Demnach war die Nichtigkeitsbeschwerde schon bei der nichtöffentlicher Beratung zurückzuweisen (§ 285d Abs 1 StPO), woraus die Zuständigkeit des Oberlandesgerichts zur Entscheidung über die Berufung folgt (§ 285i StPO).

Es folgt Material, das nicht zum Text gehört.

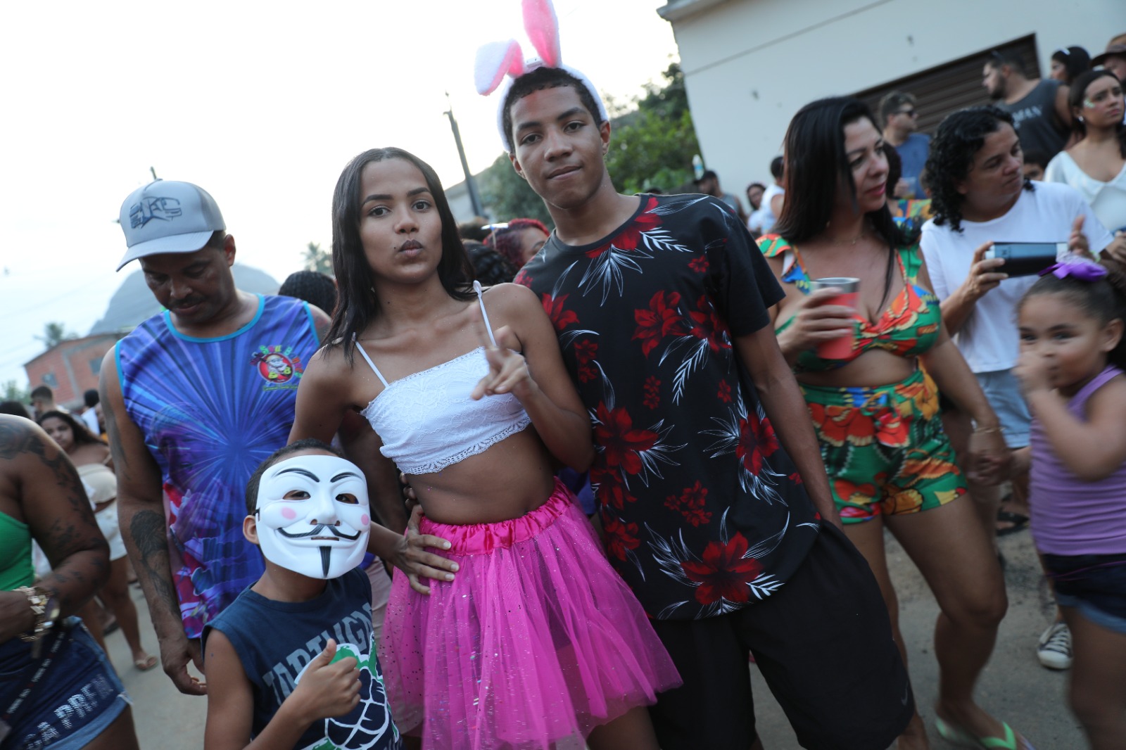No percurso do bloco, diversos foliões estavam curtindo a festa ao som do samba-enredo do bloco de rua. Teve gente que veio de outro município para aproveitar a programação. Foi o caso de Elzeni de Azevedo Vieira, 19 anos, que saio do bairro Universal, em Viana, para curtir a festa com as amigas Thays Christina de Araújo, 23, e Thalya Vitória de Araújo,18.

Dieses wird dabei zu berücksichtigen haben, dass die Tatrichter dem Angeklagten den Milderungsgrund bisher ordentlichen Lebenswandels ohne gesetzlichen Schuldnachweis und damit gegen Art 6 Abs 2 MRK ausschließlich mit Blick auf angeblich strafbares bereits verjährtes (gar nicht unter Anklage gestelltes) Verhalten („sexuelle Übergriffe gegenüber seiner damals sechs- bis siebenjährigen Nichte Carina Z*****" in den Jahren 1987 und 1988; US 6 ff; 10) ausdrücklich in Rechnung zu stellen abgelehnt haben (vgl auch E. Fuchs in WK² § 57 Rz 16). Diesen Umstand hat der Beschwerdeführer nur in seiner - gemeinsam mit der Nichtigkeitsbeschwerde erhobenen - Berufung geltend gemacht, sodass für den Obersten Gerichtshof keine Veranlassung bestand, im Nichtigkeitsbeschwerdeverfahren auf die dadurch bewirkte Nichtigkeit aus Z 11 zweiter Fall einzugehen (RIS-Justiz RS0119220, RS0114427; Ratz, WK-StPO § 283 Rz 1 mwN und Auseinandersetzung mit der kritischen Stellungnahme Medigovic, WK-StPO § 433 Rz 25). Der Kostenausspruch beruht auf § 390a Abs 1 StPO.